Both Illinois courts and federal courts have split on the meaning of the scope limitation in Terry, Some courts have held that the “scope” of the detention refers only to its duration because questioning is not itself a seizure. Gonzalez, 204 Ill. 2d at 230, citing United States v. Shabazz, 993 F.2d 431, 436 (5th Cir. 1993); see also People v. Smith, 266 Ill. App. 3d 362, 366-67, 640 N.E.2d 647, 649-50 (1994). Others, meanwhile, have held that the scope limitation includes “ ‘both the length of the detention and the manner in which it is carried out.’ ” (Emphasis omitted.) Gonzalez, 204 Ill. 2d at 231, quoting United States v. Holt, 264 F.3d 1215, 1230 (10th Cir. 2001); see also People v. White, 331 Ill. App. 3d 22, 34, 770 N.E.2d 261, 271 (2002) (“Scope and duration are two different dimensions of the Terry analysis”). Those courts that have concluded that the scope requirement includes both a duration component and a manner component have generally held that questions that are neither directly related to the initial reason for the stop nor supported by an additional reasonable, articulable suspicion improperly broaden the scope of the stop. See, e.g., White, 331 Ill. App. 3d at 34, 770 N.E.2d at 271; United States v. Murillo, 255 F.3d 1169, 1174 (9th Cir. 2001); see also Holt, *496264 F.3d at 1229 (rejecting the Shabazz court’s holding that police questioning “on matters unrelated to the purpose of the detention” does not expand the scope).

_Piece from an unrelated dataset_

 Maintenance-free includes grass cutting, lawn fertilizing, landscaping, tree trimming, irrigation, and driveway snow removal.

While the instant appeal was pending, the Illinois Supreme Court resolved this conflict in Gonzalez. The court rejected both approaches, finding that neither “strikes the proper balance between the government’s interest in effective law enforcement and the individual’s interest in being free from arbitrary governmental intrusions, which lies at the core of the concept of ‘reasonableness. ’ ” Gonzalez, 204 Ill. 2d at 233. The court annunciated the following principles for analyzing the scope requirement:

“If the question is reasonably related to the purpose of the stop, no fourth amendment violation occurs. If the question is not reasonably related to the purpose of the stop, we must consider whether the law enforcement officer had a reasonable, articulable suspicion that would justify the question. If the question is so justified, no fourth amendment violation occurs. In the absence of a reasonable connection to the purpose of the stop or a reasonable, articulable suspicion, we must consider whether, in light of all the circumstances and common sense, the question impermissibly prolonged the detention or changed the fundamental nature of the stop.” (Emphasis added.) Gonzalez, 204 Ill. 2d at 235.

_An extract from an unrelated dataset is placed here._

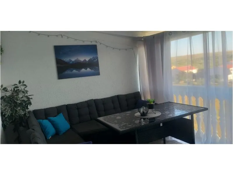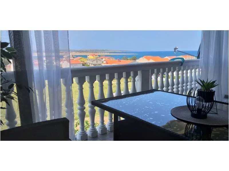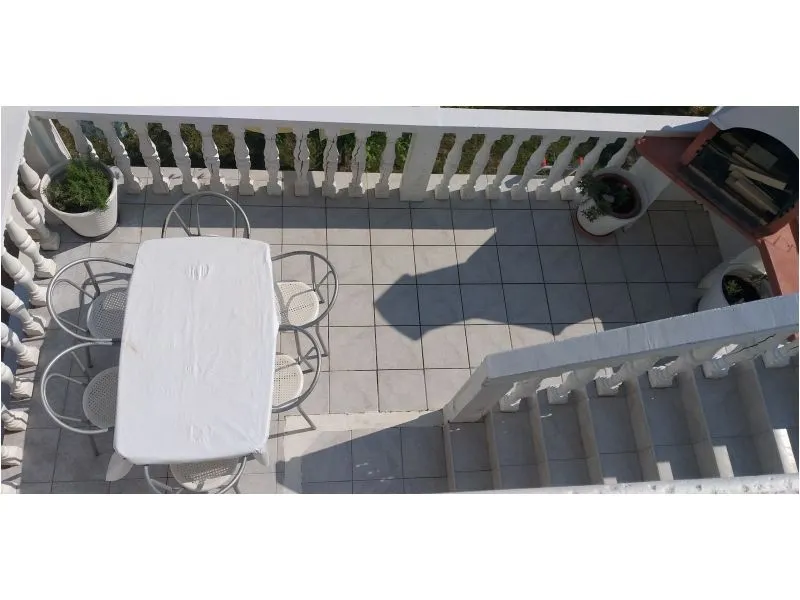 App.se nalazi na 2.katu,poseban ulaz iza kuće.Sastoji se od 2 spavaće sobe,boravka,kuhinje,kupaone i terase od 15m2 sa prekrasnim pogledom na more.Kuhinja opremljena sa suđem,aparat za kavu,toster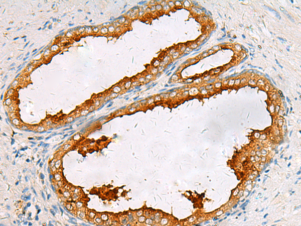 The image is immunohistochemistry of paraffin-embedded Human prostate cancer tissue using P05284(SIGLEC8 Antibody) at dilution 1/75. (Original magnification: ×200) |

We believe that Officer Hout’s questioning changed the fundamental nature of the stop. Essentially, what began as a routine traffic stop for the purpose of issuing a warning ticket became an all-encompassing investigation.

A comparison with the questioning alleged to exceed the scope of the initially valid traffic stop at issue in Gonzalez illustrates the point. There, the defendant was a passenger in a car that had been stopped by two police officers because it did not have a front license plate. One officer asked Gonzalez for his identification. He offered a traffic ticket in lieu of other identification. During the ensuing encounter, the officer discovered that the defendant had cocaine on his person. Gonzalez, 204 Ifi. 2d at 222.

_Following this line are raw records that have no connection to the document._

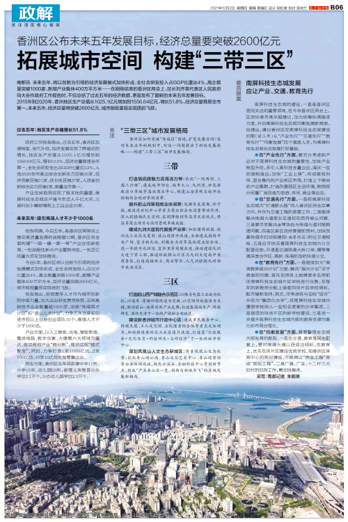 南都讯 未来五年,将以创新为引领的经济发展模式加快形成,全社会研发投入占GDP比重达4%,高企数量突破1000家,新增产业载体400万平方米……在刚刚结束的香洲区两会上,区长刘齐英代表区人民政府向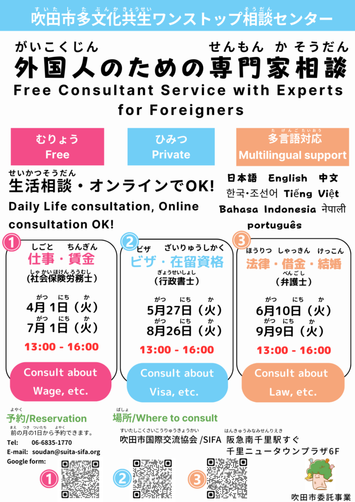 विदेशीहरूसँग सम्बन्ध राक्ने जापानीहरूले पनि परामर्श लिन सक्नुहुन्छ।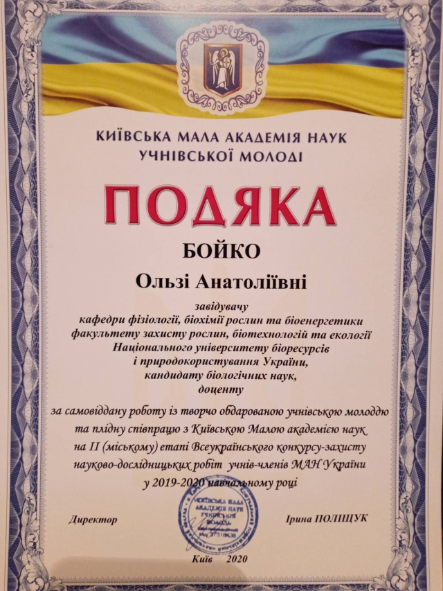 13 – 14 лютого 2021 року на базі Київської Малої Академії Наук учнівської молоді проходив ІІ етап Конкурсу-захисту науково-дослідних робіт серед учнів 8-11 класів. У роботі журі щороку приймає участь кандидат біологічних наук, доцент кафедри фізіології, біохімії рослин та біоенергетики Бойко Ольга Анатоліївна, яка разом з колегами нашого університету оцінювала роботи у галузі екології та аграрних наук.

Following the above-described analysis, the court first noted that the request for a passenger’s identification was not related to the purpose of the stop, nor was it supported by a reasonable, articulable suspicion that the passenger had committed any crime. Gonzalez, 204 Ill. 2d at 236. Here, too, Officer Hout’s questioning regarding the contents of the defendant’s truck was unrelated to the purpose of the stop and was not based on any reasonable, articulable suspicion. The Gonzalez court then noted that the request for identification did not extend the duration of the stop impermissibly. Gonzalez, 204 Ill. 2d at *497236. The questioning involved in the case at bar did not extend the duration of the detention here, either.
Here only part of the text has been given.